● **DIRECTIONS FOR THIS TASK**: The reply is a verbatim copy of the listing below with its images dropped.

● **DATA PROVIDED**:
☆ ☆ ☆ ☆
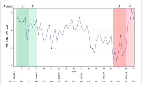 Median heart rate variability of the entire population during the study period. Legend: Period 1 = Lockdown control period (year 2019); Period 2 = Post-lockdown control period (year 2019); Period 3 = Lockdown period (year 2020); Period 4 = Post-lockdown period (year 2020). For the temporal definition of the three periods please see the Methods section; HRV = heart rate variability; p < 0.0001 for mean period 3 vs. mean period 1, mean period 3 vs. mean period 4; p = 0.0018 for mean period 1 vs. mean period 2; p = N.S. for all other comparisons.
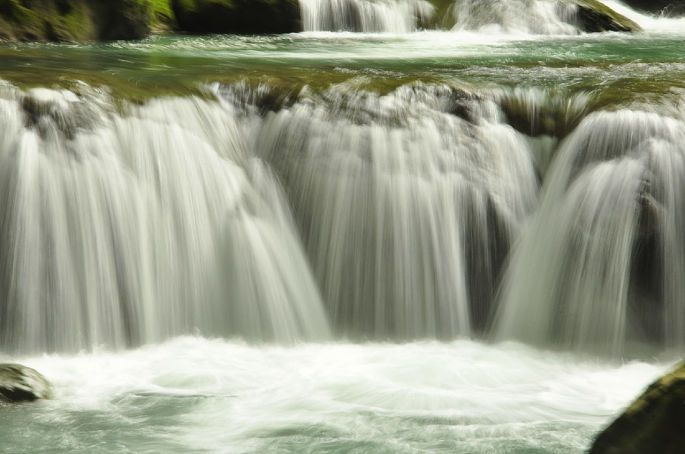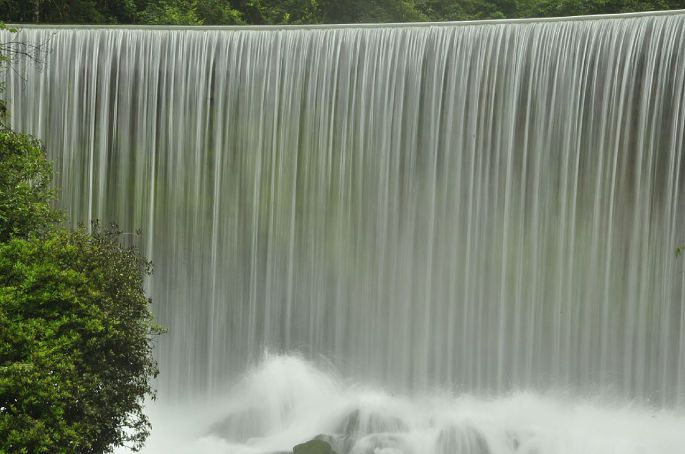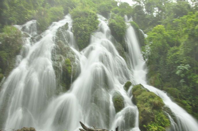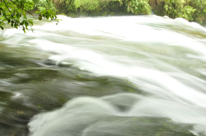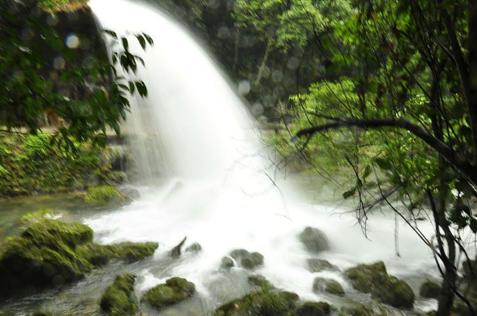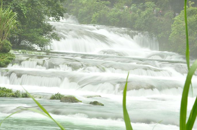 如此美的瀑布……根根水柱,组成一幅水帘,冲下来,撞到石头上,碰得零碎……
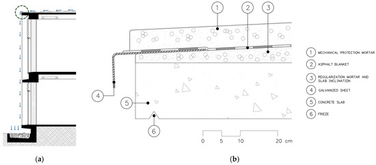 In terms of management and drainage, the configuration of the CDS roof directs the flow of rainwater to the ends of the mechanical protection, where it falls freely into a drainage channel located next to the first floor (Figure 1a). However, this solution is integrated with other details and specifications in the architectural design to ensure the required watertightness and prevent damage and anomalies, such as rainwater infiltrations, which reduce the functional aspects of the building and increase its risks to the users. This applies to the construction detail of the drips, which are installed all around the perimeter of the roof—both on the inside and outside edges (Figure 1b). Made of galvanized steel sheets (fragmented into rectilinear segments to adapt to the semicircular shape), they are inserted between the regularization layer of the concrete slab and the mechanical protection of the waterproofing, under the asphalt blanket, to guarantee their efficiency and prevent their attachment points on the slab from becoming possible points of water percolation and infiltration.
☆ ☆ ☆ ☆
● **SOLUTION BELOW**:
 Median heart rate variability of the entire population during the study period. Legend: Period 1 = Lockdown control period (year 2019); Period 2 = Post-lockdown control period (year 2019); Period 3 = Lockdown period (year 2020); Period 4 = Post-lockdown period (year 2020). For the temporal definition of the three periods please see the Methods section; HRV = heart rate variability; p < 0.0001 for mean period 3 vs. mean period 1, mean period 3 vs. mean period 4; p = 0.0018 for mean period 1 vs. mean period 2; p = N.S. for all other comparisons.
 如此美的瀑布……根根水柱,组成一幅水帘,冲下来,撞到石头上,碰得零碎……
 In terms of management and drainage, the configuration of the CDS roof directs the flow of rainwater to the ends of the mechanical protection, where it falls freely into a drainage channel located next to the first floor (Figure 1a). However, this solution is integrated with other details and specifications in the architectural design to ensure the required watertightness and prevent damage and anomalies, such as rainwater infiltrations, which reduce the functional aspects of the building and increase its risks to the users. This applies to the construction detail of the drips, which are installed all around the perimeter of the roof—both on the inside and outside edges (Figure 1b). Made of galvanized steel sheets (fragmented into rectilinear segments to adapt to the semicircular shape), they are inserted between the regularization layer of the concrete slab and the mechanical protection of the waterproofing, under the asphalt blanket, to guarantee their efficiency and prevent their attachment points on the slab from becoming possible points of water percolation and infiltration.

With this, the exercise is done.